Scenario 2: Zoned Pest Management in Orchards
- Challenge: Complex orchard terrain, uneven tree canopy heights, and uneven distribution of pests and diseases.
- System Solution: Generates differentiated pesticide application plans for different areas and canopy heights through 3D modeling and canopy analysis.
- Quantifiable Benefits: Improves pesticide penetration by 40% and increases underside leaf coverage from less than 60% to over 85%.
Scenario 3: Large-Scale Farm Plant Protection托管 Services
- Business Model: Provides full托管 services, including monitoring, decision-making, operation, and evaluation, for farms larger than 10,000 mu.
- Value Proposition: Reduces direct costs through precise pesticide application, improves management efficiency by reducing labor, and enhances decision-making capabilities through data services.
- Customer Benefits: Reduces comprehensive plant protection costs by 25%, cuts management personnel by 60%, and increases yield by 5–8%.
IV. Investment Return Analysis
Taking a 3,000-mu grain production base as an example:
- Initial Investment: System deployment and equipment investment of approximately 150,000–250,000 yuan.
- Annual Savings: Reduces pesticide costs by 80,000–120,000 yuan and labor costs by 40,000–60,000 yuan.
- Increased Revenue: Improves yield through precision management, generating additional revenue of 60,000–100,000 yuan.
- Payback Period: 1.5–2.5 years, with sustained net profits generated annually thereafter.
V. Deployment and Service Support
- Modular Implementation Plan
Offers阶梯式 implementation plans, from basic sensing modules to full-system deployment, based on the client’s existing infrastructure. - Professional Agronomy Support Team
Equipped with plant protection experts, data agronomists, and UAV operation engineers to provide全程 crop management consulting. - Seasonal Operation and Maintenance Support
Provides 7×24 technical support and on-site保障 services during critical agricultural periods. - Continuous Algorithm Upgrades
Updates pest and disease identification models and decision-making algorithms quarterly based on operational data from different regions across the country.

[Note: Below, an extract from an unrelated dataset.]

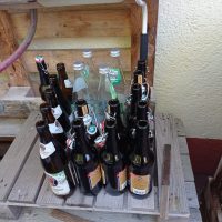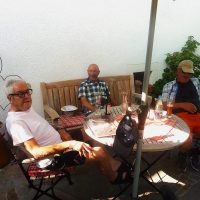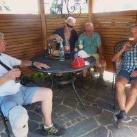 Unspektakulär ging es wieder talwärts und hinein in den schattigen Hof von Wolfgang. Da staunten die Kameraden. Kaffeebar, Pfirschkuchen, Käsekuchen und, man traute seinen Augen nicht, eine Schwarzwälder Kirschtorte. Zuerst wurden aber Bier und Wasser gemischt und damit der unsägliche Durst gelöscht. Sämtliche Wünsche wurden erfüllt, Weizenbier, mit und ohne Alkohol, kalt und net so kalt, Saftschorle, normales Bier, das bei Albrecht überschäumte und den leckeren Boden seiner Schwarzwälder aufweichte. Vielleicht wird in Mettstett statt Kirschwasser Bier in die Torte geschmuggelt. Egal. Letztendlich saßen alle gemütlich mitten im schattigen Hof, dachten auch nach Sonnenuntergang nicht ans Nachhause gehen, aber sie befolgten wenigstens einen oben angeführten Ratschlag: Trinken Sie ausreichend! Ja und dann servierte die Hausfrau leckeren Flammkuchen, ein ganzes Blech und dann noch eines. Dann war alles weggeputzt und somit auch ein weiterer Ratschlag befolgt: Verlegen Sie ihre Aktivitäten in die Abendstunden. Sommerloch, was ist das?

This system is not merely a technological tool but a core engine driving the transformation of agricultural production methods. By shifting plant protection operations from "relying on experience" to "relying on data," and upgrading from "treating existing problems" to "preventing potential issues," it ultimately achieves the sustainable development goals of "improving quality, enhancing efficiency, reducing costs, and minimizing pollution" in agricultural production. It equips modern agriculture with a "intelligence brain."